-- WORK ORDER --
Print the records below exactly, from the line containing "最后,集团公司党委书记、董事" down to the line containing "Každý snowpark má", both lines included, and omit every picture.

-- ENTRIES SHOWN --
______
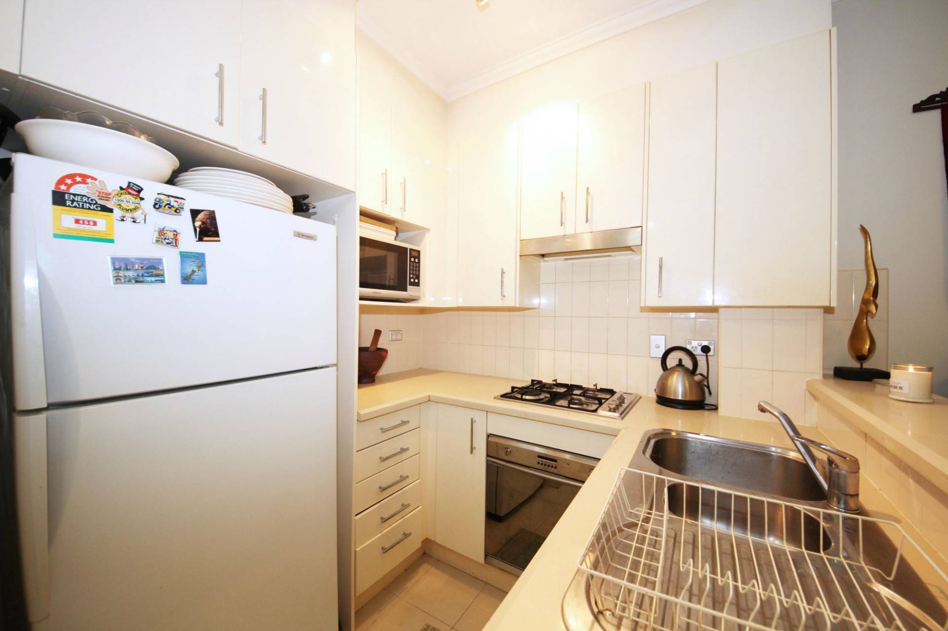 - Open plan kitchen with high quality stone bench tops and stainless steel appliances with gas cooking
______
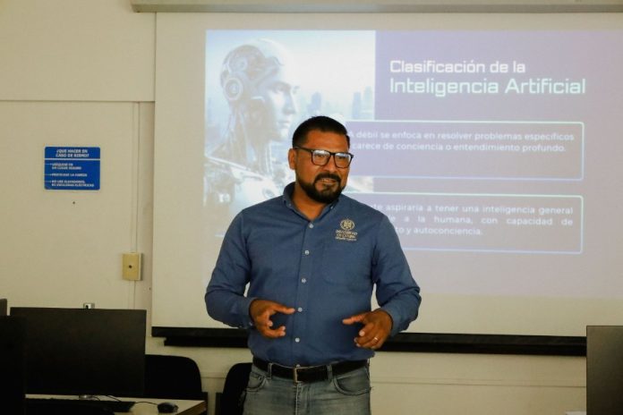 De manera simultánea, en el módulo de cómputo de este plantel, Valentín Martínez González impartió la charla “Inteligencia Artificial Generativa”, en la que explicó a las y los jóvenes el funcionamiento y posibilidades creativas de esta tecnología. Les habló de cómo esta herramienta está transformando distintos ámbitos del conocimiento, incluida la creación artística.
______
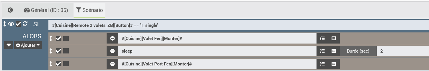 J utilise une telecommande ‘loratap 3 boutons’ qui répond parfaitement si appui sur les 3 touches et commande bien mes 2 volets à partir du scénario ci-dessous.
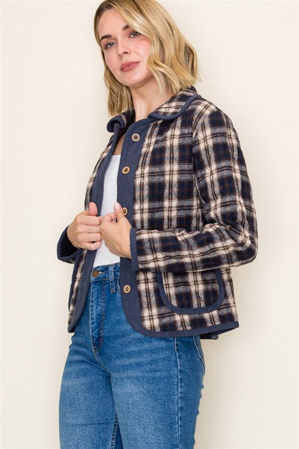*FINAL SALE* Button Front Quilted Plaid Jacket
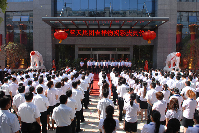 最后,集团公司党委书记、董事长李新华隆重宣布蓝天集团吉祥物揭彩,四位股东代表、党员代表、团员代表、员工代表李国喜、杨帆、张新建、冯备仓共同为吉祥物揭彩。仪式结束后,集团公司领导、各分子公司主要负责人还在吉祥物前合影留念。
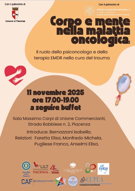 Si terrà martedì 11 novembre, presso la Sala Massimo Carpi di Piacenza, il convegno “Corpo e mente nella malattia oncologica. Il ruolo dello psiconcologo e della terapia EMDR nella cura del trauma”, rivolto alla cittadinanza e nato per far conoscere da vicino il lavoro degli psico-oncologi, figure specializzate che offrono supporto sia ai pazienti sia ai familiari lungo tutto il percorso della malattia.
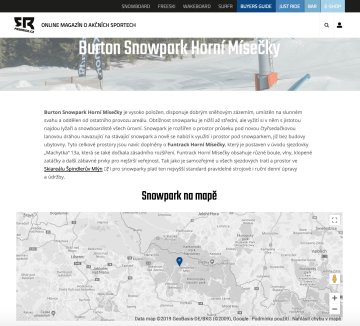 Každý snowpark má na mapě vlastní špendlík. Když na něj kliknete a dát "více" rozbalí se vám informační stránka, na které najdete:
______
-- OUTPUT OF THE TASK --
 最后,集团公司党委书记、董事长李新华隆重宣布蓝天集团吉祥物揭彩,四位股东代表、党员代表、团员代表、员工代表李国喜、杨帆、张新建、冯备仓共同为吉祥物揭彩。仪式结束后,集团公司领导、各分子公司主要负责人还在吉祥物前合影留念。
 Si terrà martedì 11 novembre, presso la Sala Massimo Carpi di Piacenza, il convegno “Corpo e mente nella malattia oncologica. Il ruolo dello psiconcologo e della terapia EMDR nella cura del trauma”, rivolto alla cittadinanza e nato per far conoscere da vicino il lavoro degli psico-oncologi, figure specializzate che offrono supporto sia ai pazienti sia ai familiari lungo tutto il percorso della malattia.
 Každý snowpark má na mapě vlastní špendlík. Když na něj kliknete a dát "více" rozbalí se vám informační stránka, na které najdete:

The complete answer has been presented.